Elle chasse en général la nuit et attrape aussi des poulpes et des petits crabes, en particulier Mithrax sculptus et Pitho anisodon, mais surtout elle se singularise par sa lutte contre les tristement célèbres Pterois volitans, des poissons introduits imprudemment par l’homme qui sont devenus invasifs au détriment de diverses espèces des Caraïbes.

La Murène tachetée peut vivre jusqu’à 23 ans d’après les anneaux de croissance des otolithes.

Il existe un léger dimorphisme sexuel. Les mâles sont plus longs que les femelles et ont une tête plus massive et plus musclée à partir d’un mètre de long.

Les modalités de la reproduction restent encore en partie à découvrir.
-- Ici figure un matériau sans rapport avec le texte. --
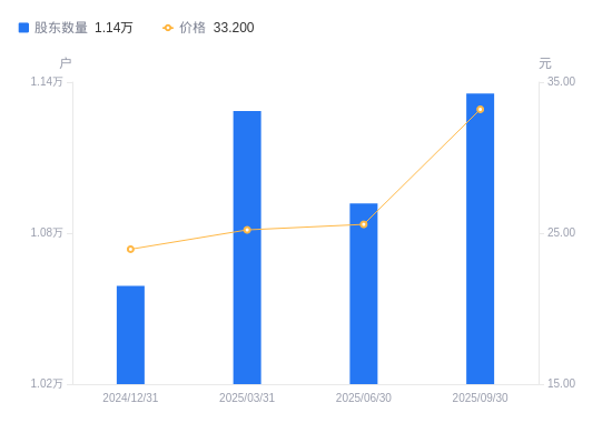 近一年(2024年9月30日至2025年9月30日),新化股份A股股东户数从1.06万户,增加至1.14万户,增幅6.88%,区间股价上涨55.53%。

On sait que c’est une espèce ovipare. Les femelles, pendant la période de reproduction qui est en général comprise entre avril et l’automne mais qui est aussi souvent plus étendue, peuvent pondre chaque mois jusqu’à plusieurs dizaines de milliers d’oeufs, Il semblerait qu’elles les dispersent en leur donnant un parfum spécial qui attire les mâles pour qu’ils les fécondent.

Ils sont planctoniques et éclosent au bout de 30 à 45 jours. Les larves errent ensuite encore pendant environ un an, entraînées par les courants, en prenant la forme typique des Anguilliformes, dite leptocéphale, qui ressemble par son aspect à une feuille de saule transparente et qui a une tête très petite et des dents saillantes en forme d’aiguille.

Les leptocéphales ne capturent pas du zooplancton comme le font habituellement les larves des poissons mais attrapent de minuscules particules alimentaires transportées par les courants. Ils peuvent nager aussi à reculons grâce à de rapides mouvements ondulatoires et même s’enrouler en prenant l’aspect d’un petit cylindre erratique qui les fait ressembler à du zooplancton gélatineux peu appétissant comme les méduses.

Les larves errent emportées par les courants en prenant une forme rubaniforme comme celle-ci, dite leptocéphale, caractéristique des Anguilliformes.

Les larves errent emportées par les courants en prenant une forme rubaniforme comme celle-ci, dite leptocéphale, caractéristique des Anguilliformes © Mickey Charteris

Les juvéniles de Gymnothorax moringa sont totalement noirs sauf la longue crête cutanée et le menton qui sont blancs. En grandissant ils s'assombrissent et on voit les premières taches.

Les juvéniles sont totalement noirs sauf la longue crête cutanée et le menton qui sont blancs. En grandissant ils s’assombrissent et on voit les premières taches © Allison & Carlos Estape

Les adultes sont souvent la proie de gros mérous et de barracudas sans parler des plongeurs qui parfois consomment leurs trophées sans se soucier du fait que la chair de Gymnothorax moringa pourrait présenter des risques de ciguatera, une grave intoxication alimentaire qui est toujours possible quand une espèce se nourrit durant des années de poissons qui accumulent dans leur régime la toxine produite par le dinoflagellé Gambierdiscus toxicus.

La résilience de la Murène tachetée est faible, le temps minimal nécessaire au doublement de ses populations étant de 4,5 à 14 ans. L’indice de vulnérabilité à la pêche, très élevée, s’établit même à 90 sur une échelle de 100.

En haut un juvénile qui grandit alors qu’en bas la livrée est désormais celle des adultes. Gymnothorax moringa peut vivre 23 ans et n’est pas une espèce menacée.

En haut un juvénile qui grandit alors qu’en bas la livrée est désormais celle des adultes. Gymnothorax moringa peut vivre 23 ans et n’est pas une espèce menacée © Allison & Carlos Estape

Elle figure cependant en tant que “Least Concern”, c’est-à-dire non menacée, dans l’évaluation de la Liste Rouge de l’UICN des espèces en danger en raison de sa vaste diffusion et du fait qu’elle est localement abondante.

Synonymes

Muraena moringa Cuvier, 1829; Sidera moringa (Cuvier, 1829); Gymnothorax rostratus Agassiz, 1831; Murenophis caramuru Castelnau, 1855; Murenophis curvilineata Castelnau, 1855; Thyrsoidea concolor Abbott, 1860; Gymnothorax flavoscriptus Poey, 1876; Gymnothorax picturatus Poey, 1880; Lycodontis albimentis Evermann & Marsh, 1900; Gymnothorax albimentis (Evermann & Marsh, 1900).